Darren Lehrich – Deutsche Bank Securities
Going back to my notes, I think a year ago you said that around 15,000 patients was the breakeven point, and you’re saying you’re still losing money at this point, so at $125 million revenue rate, the question is what is the level of revenue and what is the patient count, or what is it structurally about the business that can get you to the profitability? I think a lot of your shareholders want to know why you’re still investing in losses in that business at this point.
Kent J. Thiry
We used to think that breakeven was going to be about 22,000, I thought, so we have to go check the transcript to see if I said something different, but it has moved around as we’ve learned more about the business. I’m just saying the number that I remember from the past, and it is lower now.
I actually don’t know the answer to the question. I know it’s lower than 22 because we’re getting very close as it is which is why we’re forecasting breakeven by the end of the year, and the CBM business especially pharmacy business is a high fixed cost, scale intensive business.

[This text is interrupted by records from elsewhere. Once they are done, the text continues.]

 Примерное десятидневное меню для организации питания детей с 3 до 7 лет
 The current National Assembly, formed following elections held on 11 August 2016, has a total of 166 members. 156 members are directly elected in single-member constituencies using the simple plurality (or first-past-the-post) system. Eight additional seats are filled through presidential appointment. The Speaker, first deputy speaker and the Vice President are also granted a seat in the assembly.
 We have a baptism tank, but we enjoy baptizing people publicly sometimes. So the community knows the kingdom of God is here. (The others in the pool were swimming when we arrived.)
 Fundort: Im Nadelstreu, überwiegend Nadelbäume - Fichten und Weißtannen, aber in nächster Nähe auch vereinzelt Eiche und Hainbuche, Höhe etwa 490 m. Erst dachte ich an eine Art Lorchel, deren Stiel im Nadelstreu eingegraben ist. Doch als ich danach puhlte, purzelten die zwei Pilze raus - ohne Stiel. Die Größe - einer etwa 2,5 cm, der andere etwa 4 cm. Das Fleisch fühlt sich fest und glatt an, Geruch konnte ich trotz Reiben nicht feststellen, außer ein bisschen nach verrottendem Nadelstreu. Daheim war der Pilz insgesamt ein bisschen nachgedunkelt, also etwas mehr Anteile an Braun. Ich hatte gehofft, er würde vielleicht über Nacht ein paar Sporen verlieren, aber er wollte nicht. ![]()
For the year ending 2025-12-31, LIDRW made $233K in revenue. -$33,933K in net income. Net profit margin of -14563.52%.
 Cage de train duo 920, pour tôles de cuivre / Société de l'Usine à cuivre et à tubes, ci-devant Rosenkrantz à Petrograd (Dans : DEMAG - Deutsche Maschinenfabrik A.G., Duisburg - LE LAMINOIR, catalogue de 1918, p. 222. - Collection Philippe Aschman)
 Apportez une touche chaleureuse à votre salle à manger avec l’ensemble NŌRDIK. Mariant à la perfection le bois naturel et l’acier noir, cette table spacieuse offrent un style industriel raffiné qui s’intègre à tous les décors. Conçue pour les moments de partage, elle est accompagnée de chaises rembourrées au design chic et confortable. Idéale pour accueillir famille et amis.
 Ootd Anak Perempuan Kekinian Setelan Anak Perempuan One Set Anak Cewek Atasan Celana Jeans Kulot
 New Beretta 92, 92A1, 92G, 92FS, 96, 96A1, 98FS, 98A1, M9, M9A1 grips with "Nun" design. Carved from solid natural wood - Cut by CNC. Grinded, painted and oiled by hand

It just is, and the cost of selling into this many centers, building out the three pharmacies, building the software to deal with our customized population, and dealing with the classic pioneer thing, we had to get Medicaid legislation changed and Medicaid regulations changed in 4 to 5 or 6 states, so there’s been our learning curve. There’s been changing regulation.
There’s been educating doctors, payers, etc. It’s quite a slog.
It’s a classic pioneer thing where you get the arrows, and so we know that the cost structure will continue to get better over time, absent some discontinuity. Why are we continuing to do it?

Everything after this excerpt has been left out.